_PROBLEM TO SOLVE_. Output must consist only of the lines of the material below from the one with "塔城地区生态环境局塔城市分局工作人员使用移动机动车尾气遥感检测系统开展监测。" through the one with "Desktop Arcade Ball", each reproduced exactly; no pictures belong in it.

_LISTED RECORDS_.

■ ■ ■

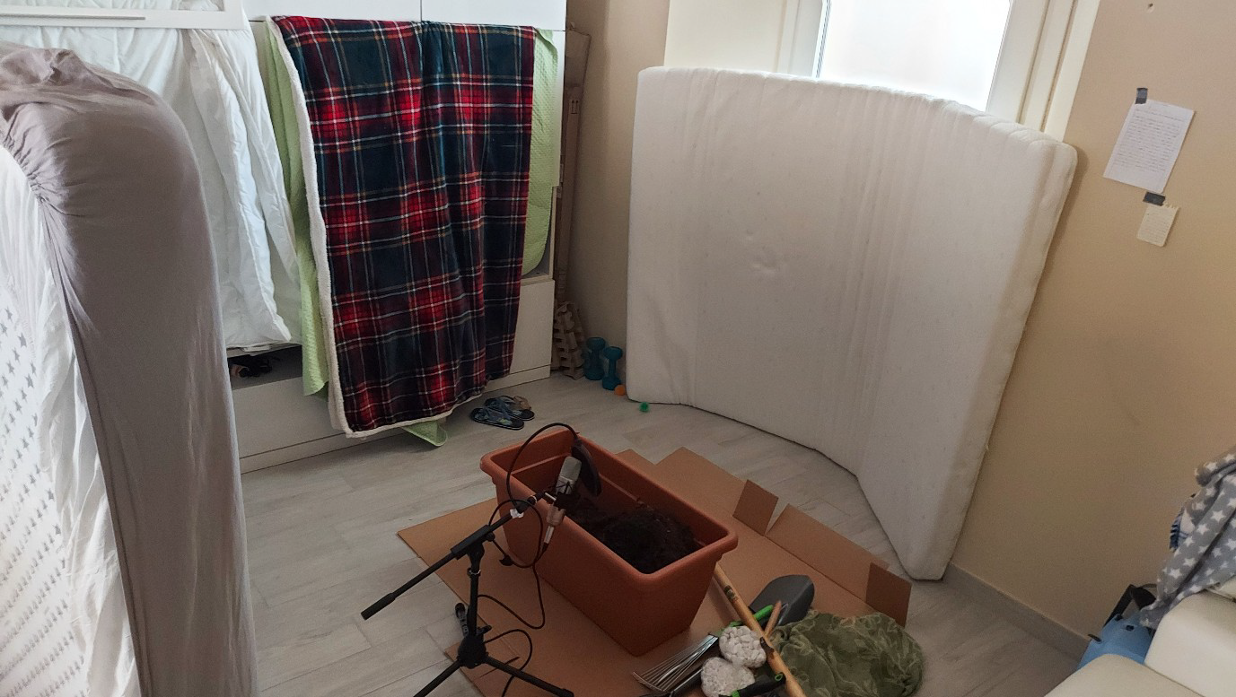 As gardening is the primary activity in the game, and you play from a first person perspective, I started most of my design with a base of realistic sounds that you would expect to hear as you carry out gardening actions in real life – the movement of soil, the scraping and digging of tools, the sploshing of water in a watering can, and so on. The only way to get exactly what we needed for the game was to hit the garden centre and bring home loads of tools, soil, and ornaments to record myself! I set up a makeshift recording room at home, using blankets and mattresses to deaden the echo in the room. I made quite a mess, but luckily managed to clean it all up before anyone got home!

■ ■ ■

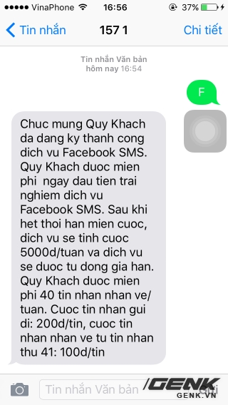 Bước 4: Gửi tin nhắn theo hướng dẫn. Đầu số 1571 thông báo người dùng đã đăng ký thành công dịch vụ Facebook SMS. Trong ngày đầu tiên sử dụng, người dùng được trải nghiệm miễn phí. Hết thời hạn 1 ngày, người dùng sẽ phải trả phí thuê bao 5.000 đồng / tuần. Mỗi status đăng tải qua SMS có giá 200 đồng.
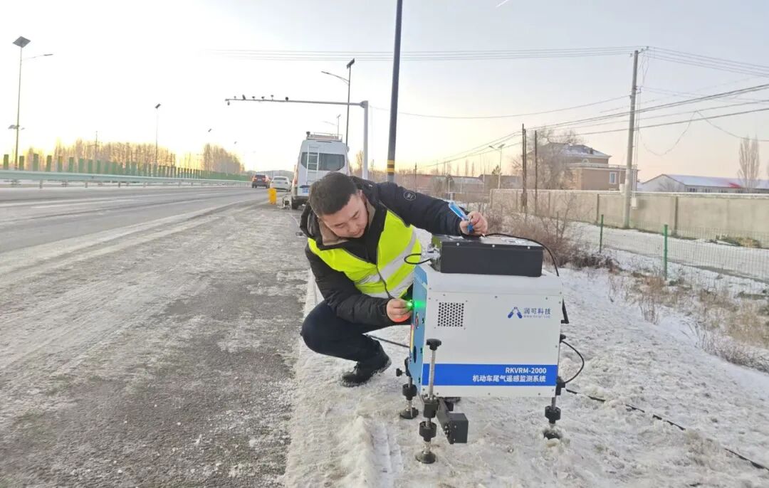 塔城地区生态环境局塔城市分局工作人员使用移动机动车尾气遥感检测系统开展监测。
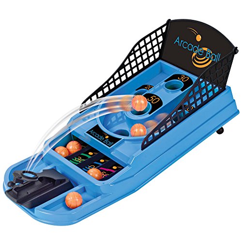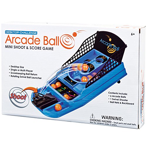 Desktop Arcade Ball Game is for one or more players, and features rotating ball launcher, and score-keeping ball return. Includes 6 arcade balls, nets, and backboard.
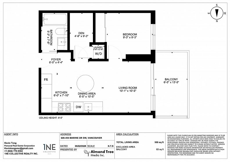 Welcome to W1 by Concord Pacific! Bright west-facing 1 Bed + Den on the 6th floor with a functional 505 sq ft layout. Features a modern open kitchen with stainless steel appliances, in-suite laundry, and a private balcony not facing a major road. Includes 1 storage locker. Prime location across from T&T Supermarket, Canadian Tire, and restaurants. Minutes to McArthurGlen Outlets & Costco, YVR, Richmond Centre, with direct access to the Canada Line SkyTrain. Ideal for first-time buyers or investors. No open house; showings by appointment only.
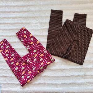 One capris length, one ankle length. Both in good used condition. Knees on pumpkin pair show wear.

■ ■ ■

_YOUR RESPONSE_.
 塔城地区生态环境局塔城市分局工作人员使用移动机动车尾气遥感检测系统开展监测。
 Desktop Arcade Ball Game is for one or more players, and features rotating ball launcher, and score-keeping ball return. Includes 6 arcade balls, nets, and backboard.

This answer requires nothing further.